Starting at the line that contains "Dot™ – der Klassiker" and stopping after the line that contains "10、获得空符咒,门神图对地上的盆使用,点燃后触发烟雾报警器,然后灭掉火。", transcribe the listing below exactly; do not include any pictures.

==== Material for the task ====

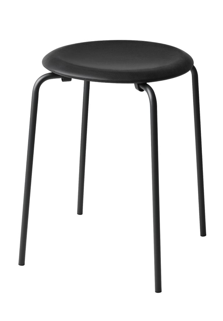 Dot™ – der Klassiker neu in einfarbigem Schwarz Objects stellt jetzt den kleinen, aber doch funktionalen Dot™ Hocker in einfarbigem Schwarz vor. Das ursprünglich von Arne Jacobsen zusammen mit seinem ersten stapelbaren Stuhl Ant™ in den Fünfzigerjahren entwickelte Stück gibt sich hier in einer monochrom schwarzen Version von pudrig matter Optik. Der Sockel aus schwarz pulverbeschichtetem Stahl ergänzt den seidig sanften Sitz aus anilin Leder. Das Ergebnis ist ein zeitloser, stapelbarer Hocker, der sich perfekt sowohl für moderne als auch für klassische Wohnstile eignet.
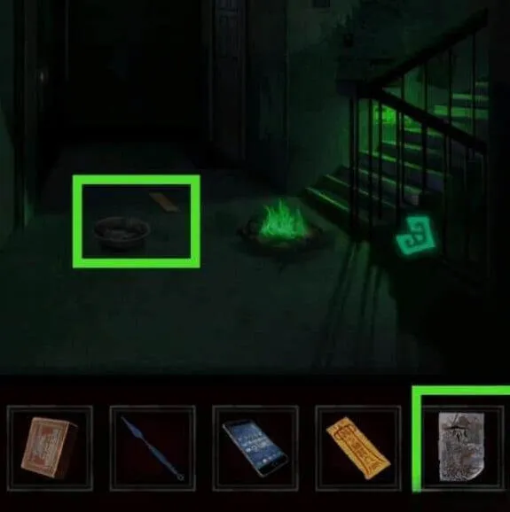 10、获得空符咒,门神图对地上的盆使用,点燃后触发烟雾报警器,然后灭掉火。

====
==== Material for the task ====

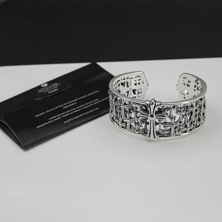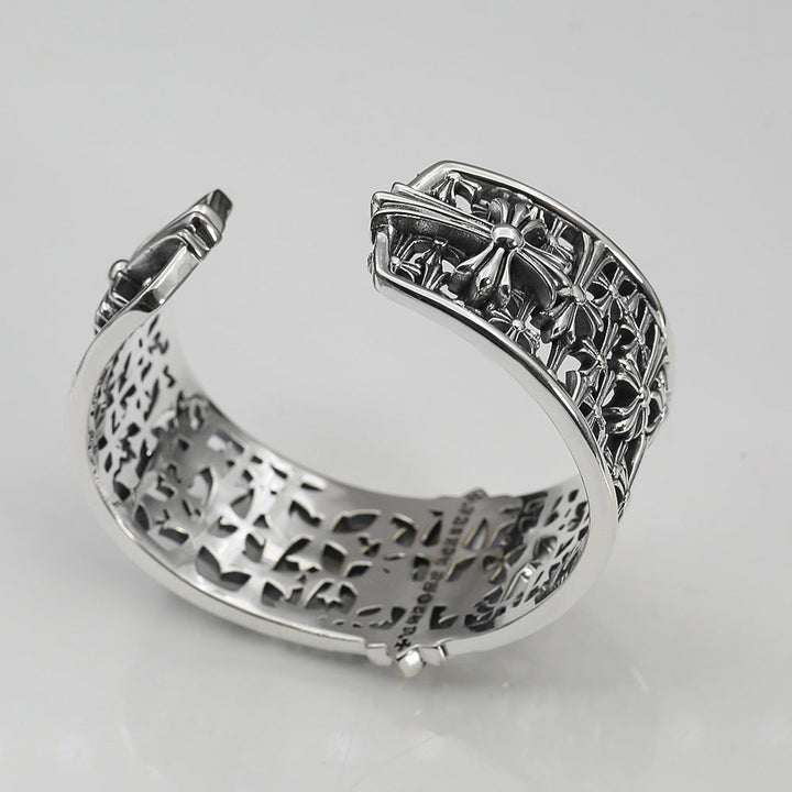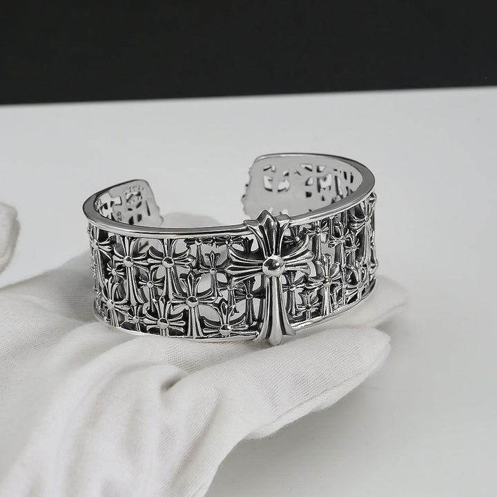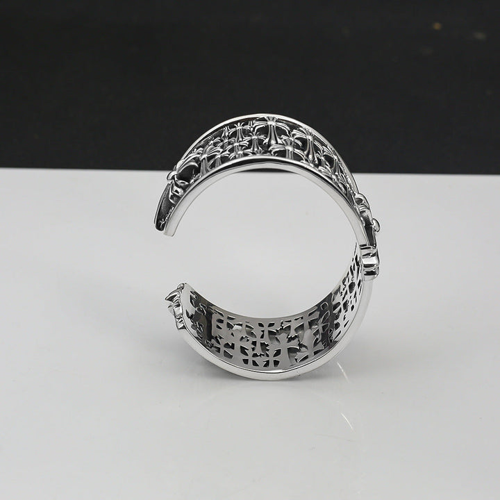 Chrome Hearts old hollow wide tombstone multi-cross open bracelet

====

*Written answer*
 Dot™ – der Klassiker neu in einfarbigem Schwarz Objects stellt jetzt den kleinen, aber doch funktionalen Dot™ Hocker in einfarbigem Schwarz vor. Das ursprünglich von Arne Jacobsen zusammen mit seinem ersten stapelbaren Stuhl Ant™ in den Fünfzigerjahren entwickelte Stück gibt sich hier in einer monochrom schwarzen Version von pudrig matter Optik. Der Sockel aus schwarz pulverbeschichtetem Stahl ergänzt den seidig sanften Sitz aus anilin Leder. Das Ergebnis ist ein zeitloser, stapelbarer Hocker, der sich perfekt sowohl für moderne als auch für klassische Wohnstile eignet.
 10、获得空符咒,门神图对地上的盆使用,点燃后触发烟雾报警器,然后灭掉火。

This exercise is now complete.